About this exercise: Include the line containing "Vista de la" and all lines before it, repeated exactly from the listing below, without pictures.

Data shown:
--- START ---

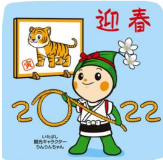
板橋区観光協会 りんりんちゃん年賀イラスト

令和4年の年明けにあたり、日頃より板橋区政に深いご理解とご協力を賜っております。板橋産業連合会の皆様にも、厚く御礼を申し上げますとともに、謹んで新年のご挨拶をさせていただきます。
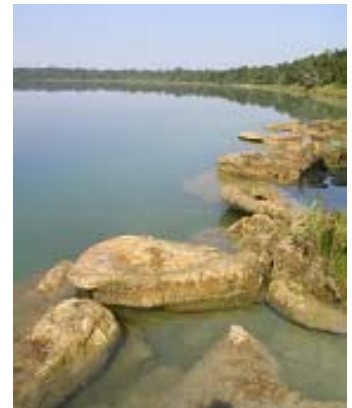
Vista de la Laguna Lachuá, Parque Nacional Laguna Lachuá, Alta Verapaz, Guatemala.

Durante los años 2004-2005, la Escuela de Biología realizó dos investigaciones sobre esta especie en el Parque Nacional Laguna Lachuá, Alta Verapaz, Guatemala. En una de ellas se estudió la abundancia poblacional y el uso de hábitat, en el cual se encontró que este mamífero tiene mayor preferencia por las áreas inundables (Ruiz 2006). En la otra investigación, se estudió la dieta y el hábitat en ecosistemas ribereños, encontrándose que la dieta del tapir está compuesta principalmente por hojas y que consume al menos 49 especies vegetales (García 2006).

--- END ---

Task answer:
板橋区観光協会 りんりんちゃん年賀イラスト

令和4年の年明けにあたり、日頃より板橋区政に深いご理解とご協力を賜っております。板橋産業連合会の皆様にも、厚く御礼を申し上げますとともに、謹んで新年のご挨拶をさせていただきます。
Vista de la Laguna Lachuá, Parque Nacional Laguna Lachuá, Alta Verapaz, Guatemala.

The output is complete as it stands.